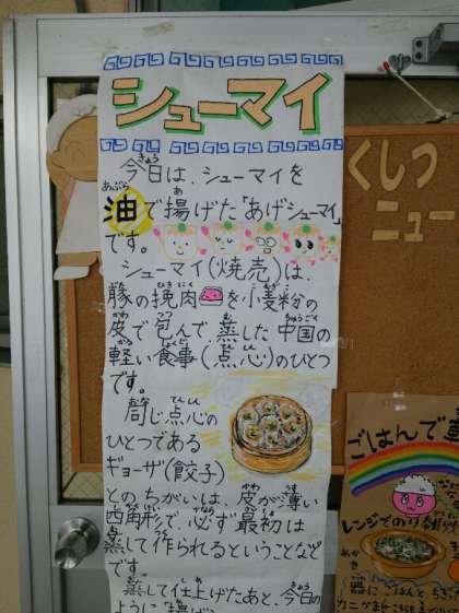 今日の献立は、あげシューマイ、えびと豆腐のスープ、もやしとコーンのピリ辛あえ、ごはん、牛乳です。
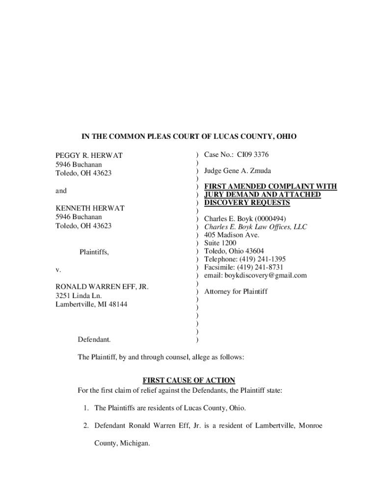 IN THE COMMON PLEAS COURT OF LUCAS COUNTY, OHIO
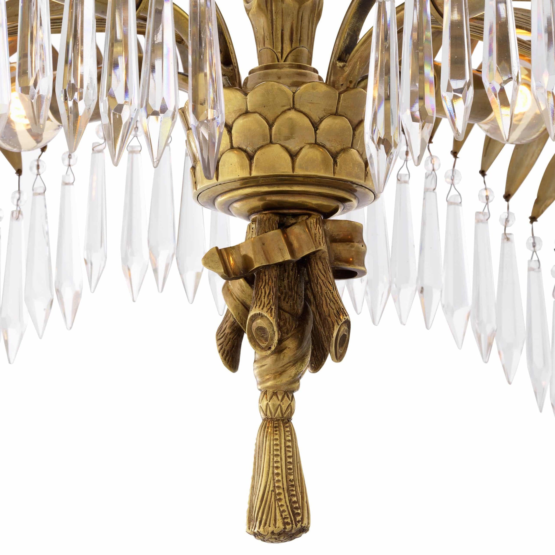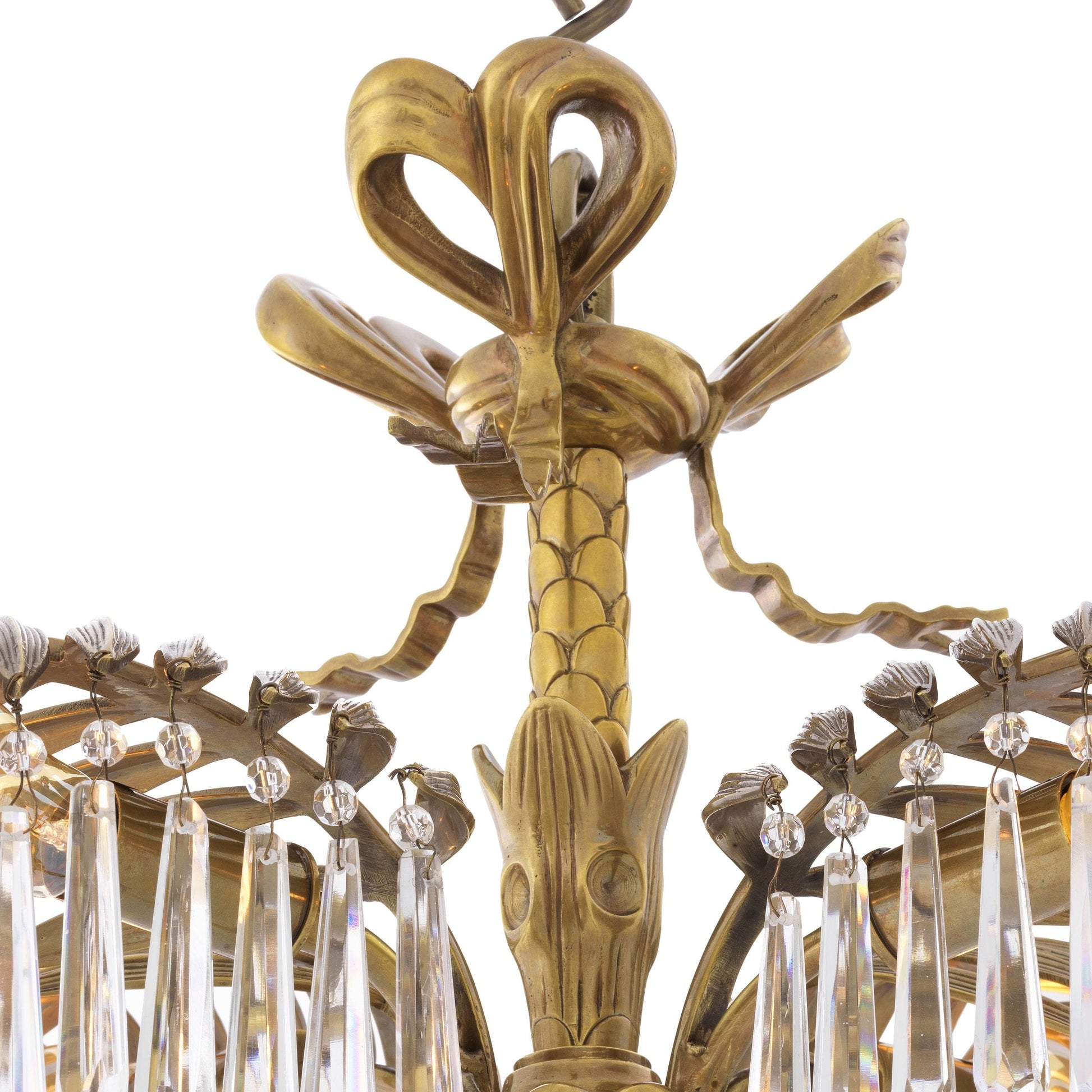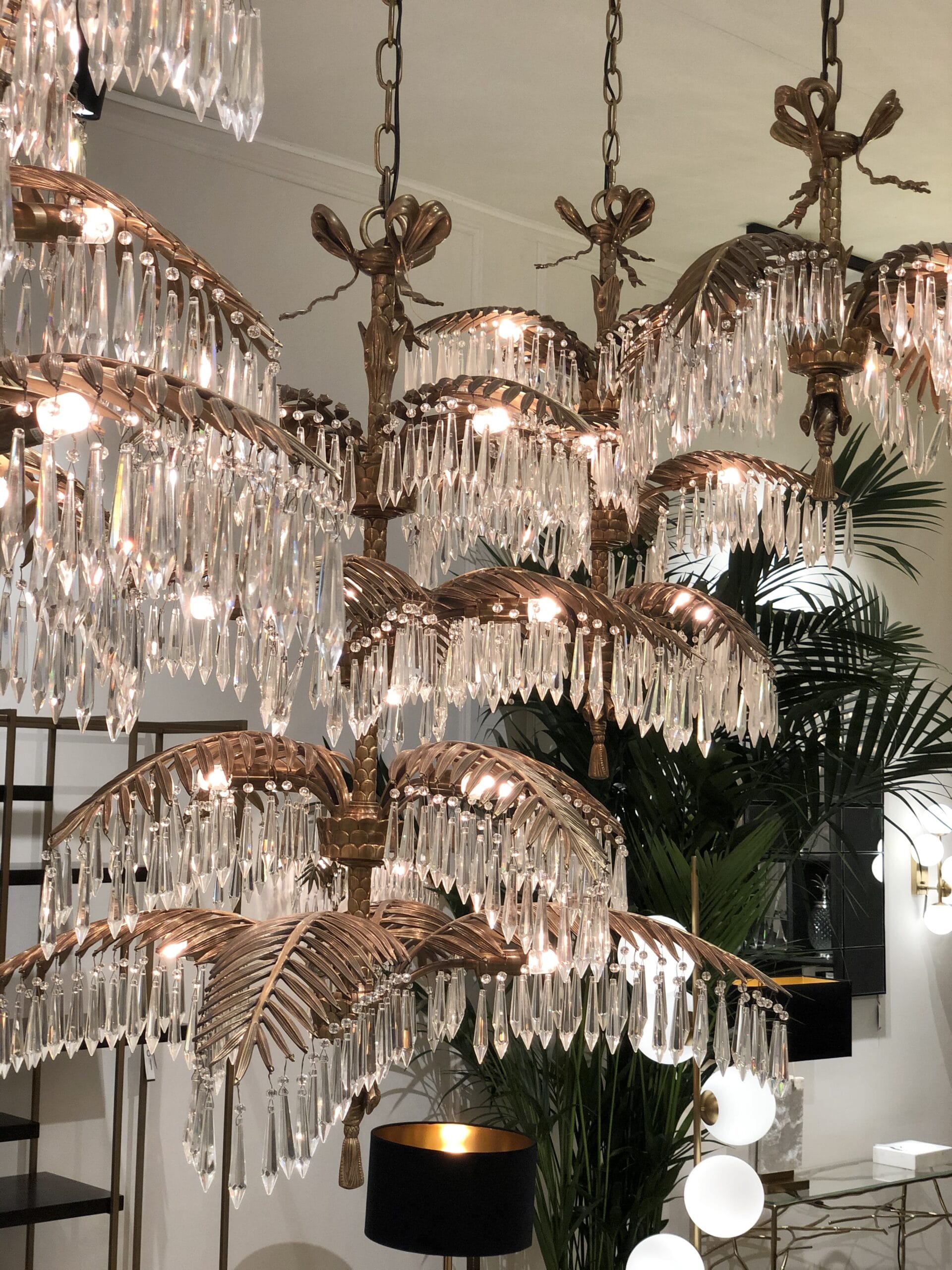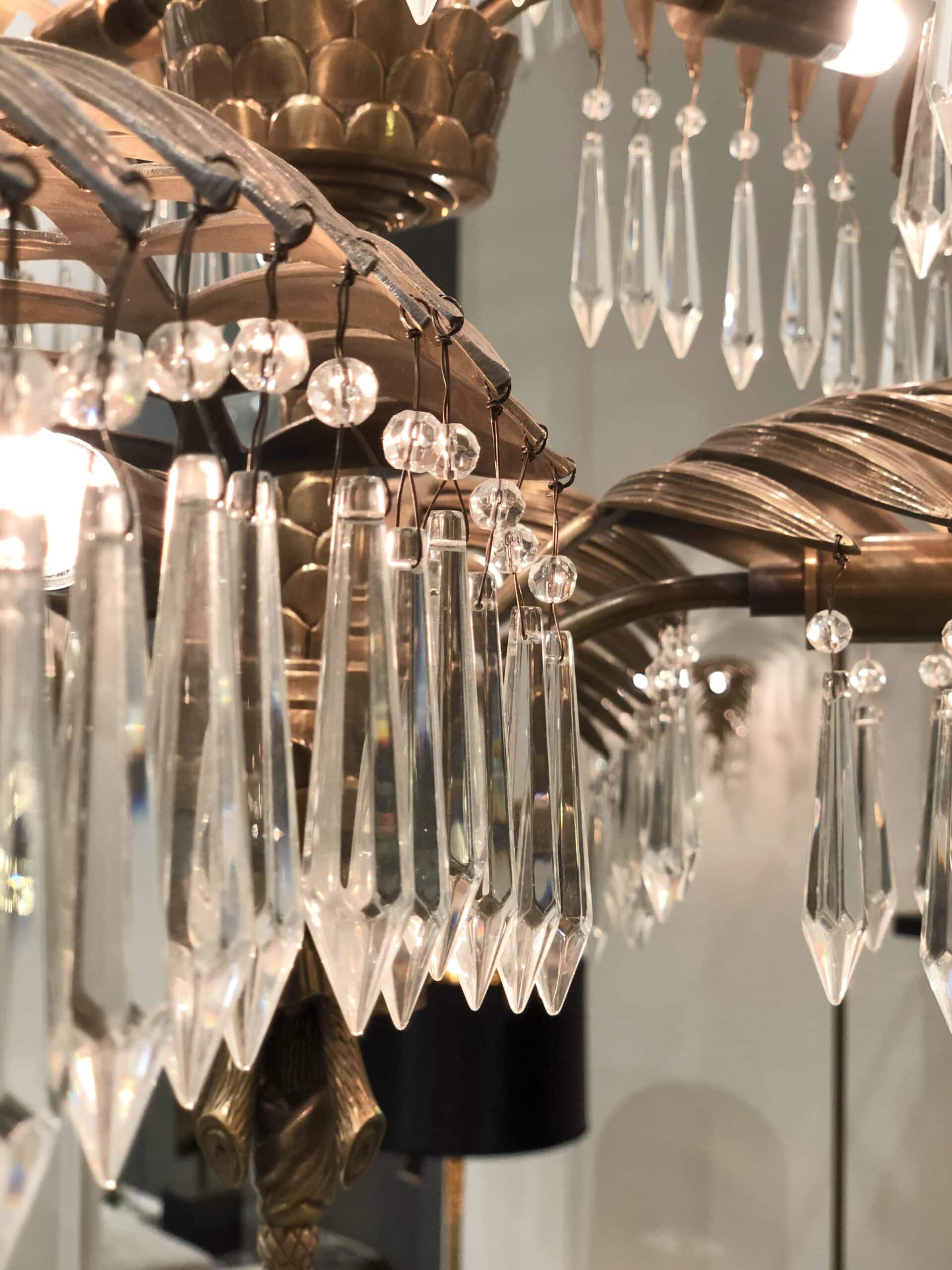 Mycket läcker och exklusiv kristallkrona som för tankarna till tropiska palmblad i vintage mässingsfinish. En underbart snygg modern kristallkrona med fantastiska detaljer och härligt formspråk som snabbt drar åt sig blickarna och blir en underbar inredningsdetalj.
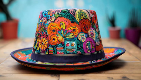 AI Generated. A colorful hat is laying on the ground next to a blanket
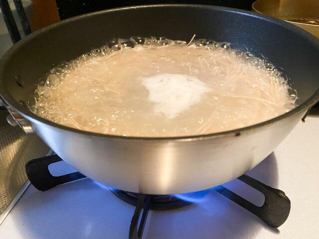 深型フライパンの特徴を活かし、そばを煮てみました。

:::::

What is being asked: The range to transcribe runs from the line holding "IN THE COMMON" through the final line of the data above; copy it exactly and exclude the pictures.

Answer section:
 IN THE COMMON PLEAS COURT OF LUCAS COUNTY, OHIO
 Mycket läcker och exklusiv kristallkrona som för tankarna till tropiska palmblad i vintage mässingsfinish. En underbart snygg modern kristallkrona med fantastiska detaljer och härligt formspråk som snabbt drar åt sig blickarna och blir en underbar inredningsdetalj.
 AI Generated. A colorful hat is laying on the ground next to a blanket
 深型フライパンの特徴を活かし、そばを煮てみました。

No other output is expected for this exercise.